_Stored data_:
· · · · · · ·

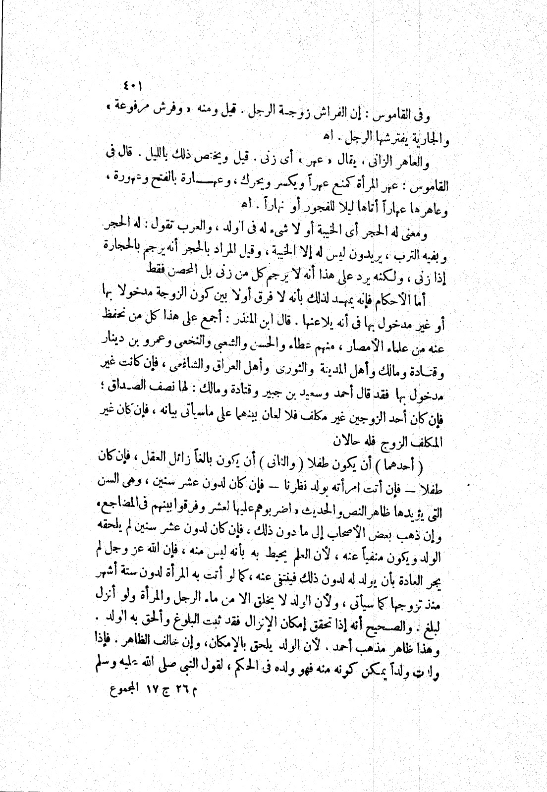 أن يكون بالغا زائل العقل، فإن كان طفلا - فإن أتت امرأته بولد نظرنا - فإن كان لدون عشر سنين، وهى السن التى يؤيدها ظاهر النص والحديث " اضربوهم عليها لعشر وفرقوا بينهم في المضاجع " وإن ذهب بعض الاصحاب إلى ما دون ذلك، فإن كان لدون عشر سنين لم يلحقه الولد ويكون منفيا عنه، لان العلم يحيط به بأنه ليس منه، فإن الله عز وجل لم يجر العادة بأن يولد له لدون ذلك فينتفى عنه، كما لو أتت به المرأة لدون ستة أشهر منذ تزوجها كما سيأتي، ولان الولد لا يخلق الا من ماء الرجل والمرأة ولو أنزل لبلغ.
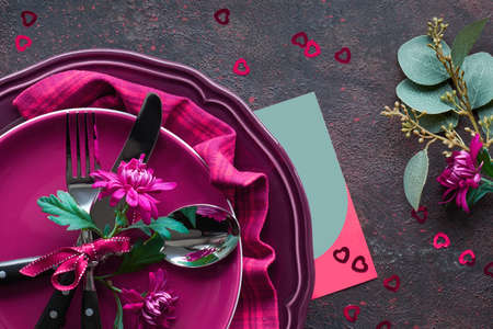 Festive table setting for Valentines Day celebration on dark wooden background
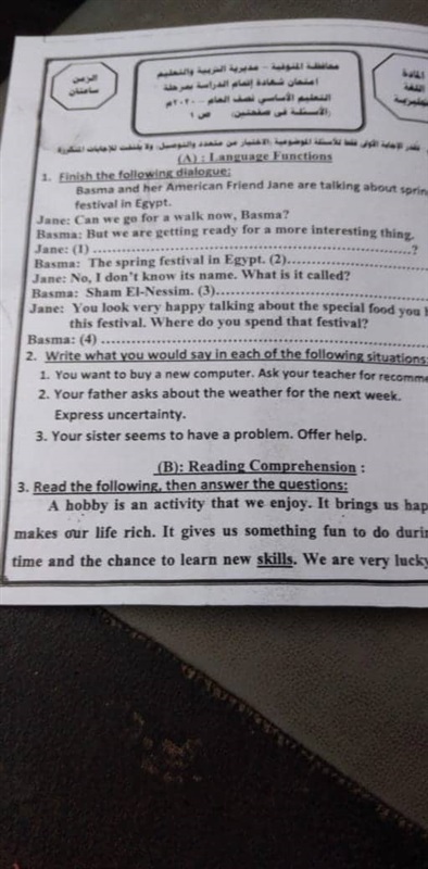 تداولت صفحات السوشيال ميديا صورة من امتحان اللغة الإنجليزية، لطلاب الشهادة الإعدادية ، بمحافظة المنوفية، قبل بدء الامتحان بساعة، وادعى البعض أنه تم تسريب الامتحان قبل دخول الطلاب للجان، ولم يتسن لكشكول التأكد من صحة النموذج المتداول على مواقع التواصل الاجتماعى، وما إذا كان هو الامتحان الفعلى لطلاب الشهادة الإعدادية أم أنه نموذج " مفبرك"

· · · · · · ·

_Exercise description_: Would you please copy the listing exactly, omitting every picture?

_Answer for the task_:
 أن يكون بالغا زائل العقل، فإن كان طفلا - فإن أتت امرأته بولد نظرنا - فإن كان لدون عشر سنين، وهى السن التى يؤيدها ظاهر النص والحديث " اضربوهم عليها لعشر وفرقوا بينهم في المضاجع " وإن ذهب بعض الاصحاب إلى ما دون ذلك، فإن كان لدون عشر سنين لم يلحقه الولد ويكون منفيا عنه، لان العلم يحيط به بأنه ليس منه، فإن الله عز وجل لم يجر العادة بأن يولد له لدون ذلك فينتفى عنه، كما لو أتت به المرأة لدون ستة أشهر منذ تزوجها كما سيأتي، ولان الولد لا يخلق الا من ماء الرجل والمرأة ولو أنزل لبلغ.
 Festive table setting for Valentines Day celebration on dark wooden background
 تداولت صفحات السوشيال ميديا صورة من امتحان اللغة الإنجليزية، لطلاب الشهادة الإعدادية ، بمحافظة المنوفية، قبل بدء الامتحان بساعة، وادعى البعض أنه تم تسريب الامتحان قبل دخول الطلاب للجان، ولم يتسن لكشكول التأكد من صحة النموذج المتداول على مواقع التواصل الاجتماعى، وما إذا كان هو الامتحان الفعلى لطلاب الشهادة الإعدادية أم أنه نموذج " مفبرك"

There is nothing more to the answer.